One-hot encoding + linear regression = multi-collinearity

My coefficients are bigger than your coefficients

I was attempting to fit a simple linear regression model the other day with sklearn.linear_model.LinearRegression but the model was making terribly inaccurate predictions on the test dataset. Upon inspecting the estimated coefficients, I noticed that they were of a crazy magnitude, on the order of billions. For reference, I was predicting a response which was approximately normally distributed with a mean value of 100.

feature_A_1    4060461707040.634
feature_A_2    4060461707005.303
feature_A_3    4060461706988.173
feature_B_1   -2529776773226.519
feature_B_2   -2529776773214.394
feature_B_3   -2529776773206.096
feature_B_4   -2529776773204.950
feature_B_5   -2529776773203.577
feature_B_6   -2529776773201.271
feature_B_7   -2529776773195.004
Name: coef, dtype: float64

What is going on here? It turns out it was related to my use of OneHotEncoder in my preprocessing pipeline to convert categorical features into a numeric format suitable for linear models. The best practice to convert a categorical feature containing $ k $ values is to output only $ k-1 $ one-hot encoded features, leaving one of them as the “default” value when all other $ k-1 $ booleans are zero. Unfortunately I overlooked the fact that by default, OneHotEncoder sets the parameter drop=None which in turn causes it to output $ k $ output columns. When then used to fit a linear model with intercept, this results in a situation where we have perfect multicollinearity, and so the model overfits the data using unrealistic coefficients. This is known as the dummy variable trap.

An easy fix…

Since we do not want to remove the intercept, the solution is to call encode our categorical features with the parameter drop='first' to produce only $ k-1 $ columns for each categorical feature.

from sklearn.pipeline import Pipeline
from sklearn.preprocessing import OneHotEncoder

cat_cols = X.select_dtypes('category').dtypes.index.values.tolist()

pipeline = ([
  ('one_hot', OneHotEncoder(drop='first'), cat_cols),
  ('lin_reg', LinearRegession())
])

pipeline.fit_predict(X, y)

…but it doesn’t play nicely with CV pipelines

An additional challenge I faced was that my OneHotEncoder was part of a pipeline which was ultimately fed into the cross_val_predict function. This function splits up the dataset into a number of folds and runs the preprocessing pipeline separately for each fold.
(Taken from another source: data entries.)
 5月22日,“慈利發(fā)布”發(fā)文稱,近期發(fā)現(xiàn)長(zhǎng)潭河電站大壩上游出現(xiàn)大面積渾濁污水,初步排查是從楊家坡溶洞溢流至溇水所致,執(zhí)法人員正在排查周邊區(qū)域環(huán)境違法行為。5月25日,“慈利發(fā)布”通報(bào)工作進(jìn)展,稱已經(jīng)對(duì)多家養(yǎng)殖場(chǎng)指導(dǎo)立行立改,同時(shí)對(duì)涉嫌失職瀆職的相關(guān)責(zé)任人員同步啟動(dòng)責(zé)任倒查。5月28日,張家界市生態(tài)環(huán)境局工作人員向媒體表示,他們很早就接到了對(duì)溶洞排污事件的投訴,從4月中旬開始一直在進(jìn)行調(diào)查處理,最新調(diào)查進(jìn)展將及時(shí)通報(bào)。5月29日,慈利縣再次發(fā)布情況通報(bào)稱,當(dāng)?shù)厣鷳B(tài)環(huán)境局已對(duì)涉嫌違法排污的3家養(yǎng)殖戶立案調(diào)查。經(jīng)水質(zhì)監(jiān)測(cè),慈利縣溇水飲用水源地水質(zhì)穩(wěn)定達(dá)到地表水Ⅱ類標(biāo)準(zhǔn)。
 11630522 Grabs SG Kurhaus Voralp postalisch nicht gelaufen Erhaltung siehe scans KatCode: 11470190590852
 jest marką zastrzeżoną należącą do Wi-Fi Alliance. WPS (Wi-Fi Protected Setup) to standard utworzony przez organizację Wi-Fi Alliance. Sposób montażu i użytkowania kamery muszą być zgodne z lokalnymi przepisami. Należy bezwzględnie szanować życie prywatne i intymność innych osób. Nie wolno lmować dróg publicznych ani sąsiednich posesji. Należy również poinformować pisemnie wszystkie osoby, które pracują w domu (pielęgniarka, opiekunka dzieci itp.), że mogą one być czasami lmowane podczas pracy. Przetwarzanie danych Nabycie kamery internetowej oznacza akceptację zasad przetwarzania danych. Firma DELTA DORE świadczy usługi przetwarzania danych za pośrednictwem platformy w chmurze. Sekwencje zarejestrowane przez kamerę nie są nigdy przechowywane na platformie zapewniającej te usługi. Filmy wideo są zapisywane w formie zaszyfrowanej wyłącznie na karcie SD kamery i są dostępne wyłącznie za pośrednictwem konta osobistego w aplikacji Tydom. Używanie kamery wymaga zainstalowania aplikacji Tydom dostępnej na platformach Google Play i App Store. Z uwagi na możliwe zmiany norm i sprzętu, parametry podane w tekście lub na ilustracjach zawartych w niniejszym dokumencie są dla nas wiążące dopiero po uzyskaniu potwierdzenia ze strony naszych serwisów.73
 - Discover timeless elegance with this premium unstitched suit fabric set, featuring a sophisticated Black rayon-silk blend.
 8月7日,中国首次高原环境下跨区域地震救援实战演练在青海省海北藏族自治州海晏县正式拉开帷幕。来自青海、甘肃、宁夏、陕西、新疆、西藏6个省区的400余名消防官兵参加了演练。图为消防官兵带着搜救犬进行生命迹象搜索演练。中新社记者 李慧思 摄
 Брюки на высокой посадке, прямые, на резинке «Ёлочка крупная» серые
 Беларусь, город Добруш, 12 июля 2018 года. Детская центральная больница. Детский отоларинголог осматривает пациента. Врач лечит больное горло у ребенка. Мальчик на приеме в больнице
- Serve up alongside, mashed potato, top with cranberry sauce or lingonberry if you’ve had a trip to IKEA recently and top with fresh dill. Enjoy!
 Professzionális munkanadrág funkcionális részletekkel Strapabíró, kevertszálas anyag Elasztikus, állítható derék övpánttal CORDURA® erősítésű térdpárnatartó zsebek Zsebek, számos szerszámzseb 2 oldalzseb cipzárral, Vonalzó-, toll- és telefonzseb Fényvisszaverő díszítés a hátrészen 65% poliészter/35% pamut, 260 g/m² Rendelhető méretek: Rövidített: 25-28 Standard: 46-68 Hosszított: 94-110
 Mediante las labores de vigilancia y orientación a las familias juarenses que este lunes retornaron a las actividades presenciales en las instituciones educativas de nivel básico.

It is possible that the training dataset used in one or more of the CV folds may not include every possible value for every categorical feature. When the pipeline is subsequently applied to the test dataset in that fold, it will throw an error about an unknown value, unless you use the parameter OneHotEncoder(handle_unknowns='ignore) .

Unfortunately is not possible to simultaneously set drop='first' and handle_unknowns='ignore' on OneHotEncoder , else you get the error below.

ValueError: `handle_unknown` must be 'error' when the drop parameter is specified, as both would create categories that are all zero.

I have not found an elegant solution to this problem. If you know one, please let me know. For now, I fell back to a non-pipeline solution in which I fit OneHotEncoder against the entire dataset, and then make predictions against a manually-split test set.

numeric_cols = X.select_dtypes(np.number).dtypes.index.values.tolist()
cat_cols = X.select_dtypes('category').dtypes.index.values.tolist()

# Train the transformer on the full dataset (causes some leakage for PowerTransformer)
col_tx = ColumnTransformer(transformers=[
    ('num', PowerTransformer(), numeric_cols),
    ('cat', OneHotEncoder(drop='first', handle_unknown='error'), cat_cols)
]).fit(X)

# Transform training data and fit model
X_train_tx = col_tx.transform(X_train)
model = LinearRegression()
model.fit(X_train_tx, y_train)

# Transform test data and make predictions
X_test_tx = col_tx.transform(X_test)
preds = model.predict(X_test_tx)